- Opening Delimiter -

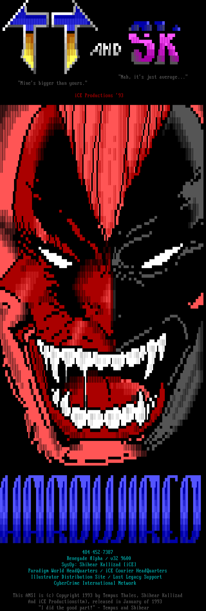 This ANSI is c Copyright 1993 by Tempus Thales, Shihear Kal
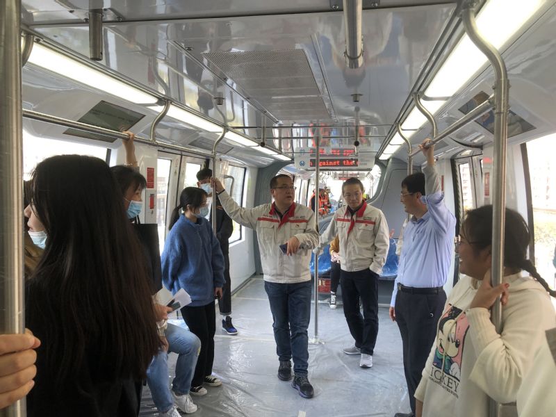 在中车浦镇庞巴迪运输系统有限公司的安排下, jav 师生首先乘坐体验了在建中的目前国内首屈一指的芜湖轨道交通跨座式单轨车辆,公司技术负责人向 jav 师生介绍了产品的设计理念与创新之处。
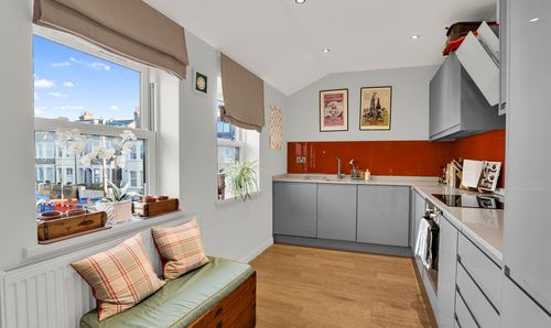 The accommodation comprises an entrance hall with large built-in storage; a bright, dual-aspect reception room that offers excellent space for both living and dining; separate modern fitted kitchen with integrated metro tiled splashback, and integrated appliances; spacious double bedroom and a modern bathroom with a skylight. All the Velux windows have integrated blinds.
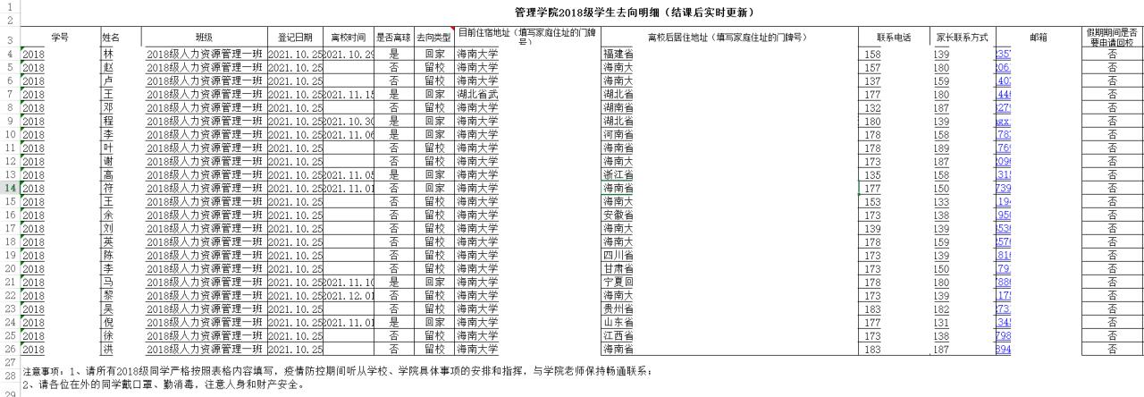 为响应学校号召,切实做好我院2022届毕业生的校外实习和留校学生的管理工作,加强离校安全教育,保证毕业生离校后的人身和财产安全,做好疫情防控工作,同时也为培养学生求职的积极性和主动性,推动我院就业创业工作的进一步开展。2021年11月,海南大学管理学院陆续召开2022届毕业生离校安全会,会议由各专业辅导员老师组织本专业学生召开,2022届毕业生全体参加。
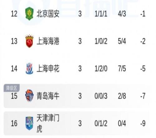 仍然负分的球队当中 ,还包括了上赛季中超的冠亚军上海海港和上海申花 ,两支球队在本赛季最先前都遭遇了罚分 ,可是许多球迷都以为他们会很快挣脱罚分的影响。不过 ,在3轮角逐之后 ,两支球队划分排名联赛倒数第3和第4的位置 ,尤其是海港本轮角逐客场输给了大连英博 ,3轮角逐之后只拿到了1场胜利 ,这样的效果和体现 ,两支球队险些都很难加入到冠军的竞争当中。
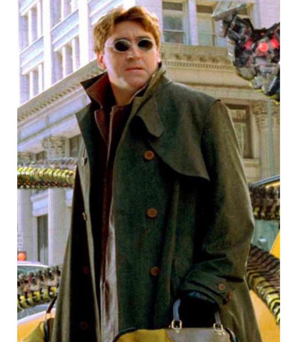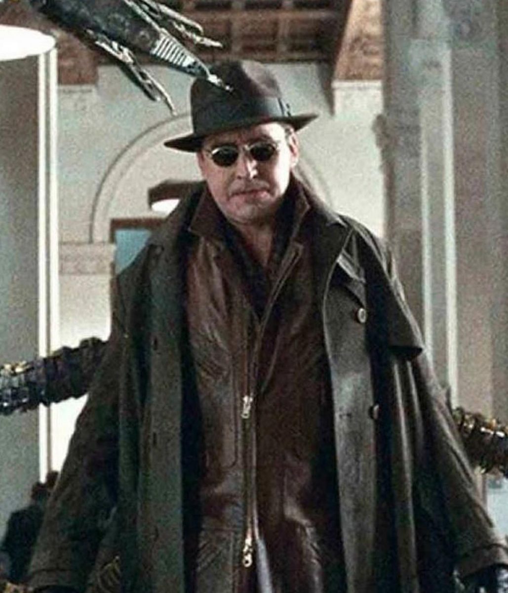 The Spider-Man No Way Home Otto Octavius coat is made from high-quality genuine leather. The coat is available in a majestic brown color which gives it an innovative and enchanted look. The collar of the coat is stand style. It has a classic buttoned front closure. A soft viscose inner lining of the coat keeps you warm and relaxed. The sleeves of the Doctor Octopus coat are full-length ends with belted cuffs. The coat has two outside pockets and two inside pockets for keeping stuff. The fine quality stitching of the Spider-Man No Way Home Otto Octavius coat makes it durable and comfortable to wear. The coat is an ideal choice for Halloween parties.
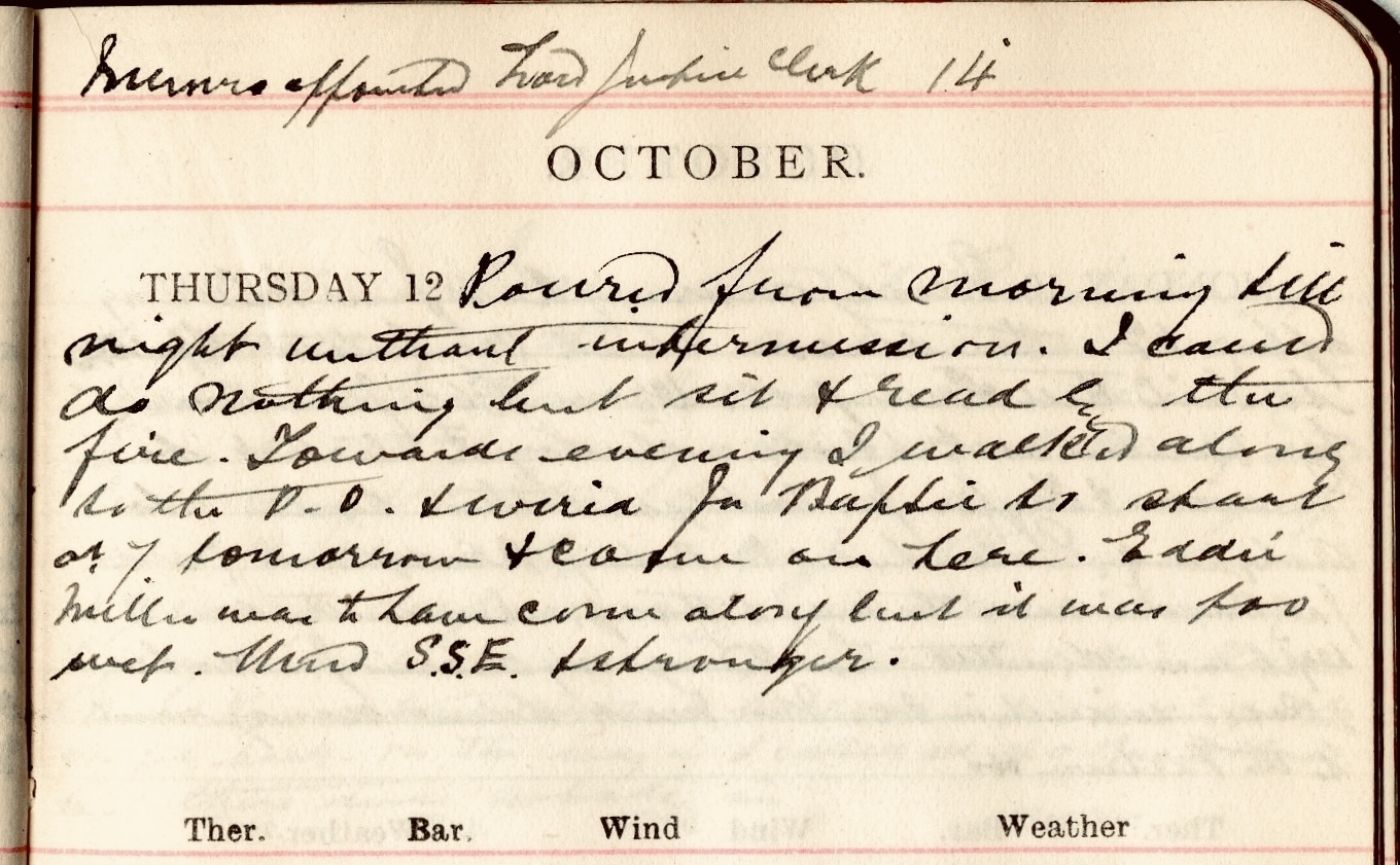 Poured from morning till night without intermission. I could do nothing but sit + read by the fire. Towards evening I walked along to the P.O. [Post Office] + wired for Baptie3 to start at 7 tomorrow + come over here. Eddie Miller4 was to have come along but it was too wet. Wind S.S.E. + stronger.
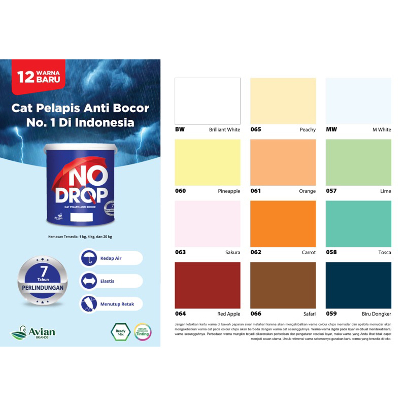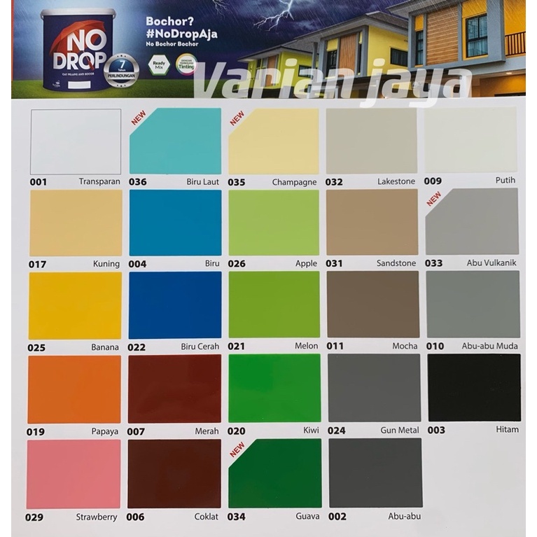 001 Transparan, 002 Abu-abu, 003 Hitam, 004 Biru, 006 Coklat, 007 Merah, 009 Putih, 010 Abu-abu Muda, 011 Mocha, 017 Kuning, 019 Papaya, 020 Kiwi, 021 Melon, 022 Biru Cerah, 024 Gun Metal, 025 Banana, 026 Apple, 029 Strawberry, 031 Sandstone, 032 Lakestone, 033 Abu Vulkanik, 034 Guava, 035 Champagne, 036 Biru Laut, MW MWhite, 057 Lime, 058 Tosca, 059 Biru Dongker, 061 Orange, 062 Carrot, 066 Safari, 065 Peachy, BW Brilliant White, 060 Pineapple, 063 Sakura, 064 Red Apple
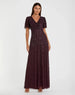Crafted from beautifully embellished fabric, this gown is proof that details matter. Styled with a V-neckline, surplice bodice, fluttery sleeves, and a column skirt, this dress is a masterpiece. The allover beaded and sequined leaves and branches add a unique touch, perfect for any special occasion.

- Closing Delimiter -

● TASK GOAL:
Would you print, exactly as they appear, the lines from the line with "001 Transparan, 002" through the end of the entries above, leaving out the pictures?

● WRITTEN SOLUTION:
 001 Transparan, 002 Abu-abu, 003 Hitam, 004 Biru, 006 Coklat, 007 Merah, 009 Putih, 010 Abu-abu Muda, 011 Mocha, 017 Kuning, 019 Papaya, 020 Kiwi, 021 Melon, 022 Biru Cerah, 024 Gun Metal, 025 Banana, 026 Apple, 029 Strawberry, 031 Sandstone, 032 Lakestone, 033 Abu Vulkanik, 034 Guava, 035 Champagne, 036 Biru Laut, MW MWhite, 057 Lime, 058 Tosca, 059 Biru Dongker, 061 Orange, 062 Carrot, 066 Safari, 065 Peachy, BW Brilliant White, 060 Pineapple, 063 Sakura, 064 Red Apple
Crafted from beautifully embellished fabric, this gown is proof that details matter. Styled with a V-neckline, surplice bodice, fluttery sleeves, and a column skirt, this dress is a masterpiece. The allover beaded and sequined leaves and branches add a unique touch, perfect for any special occasion.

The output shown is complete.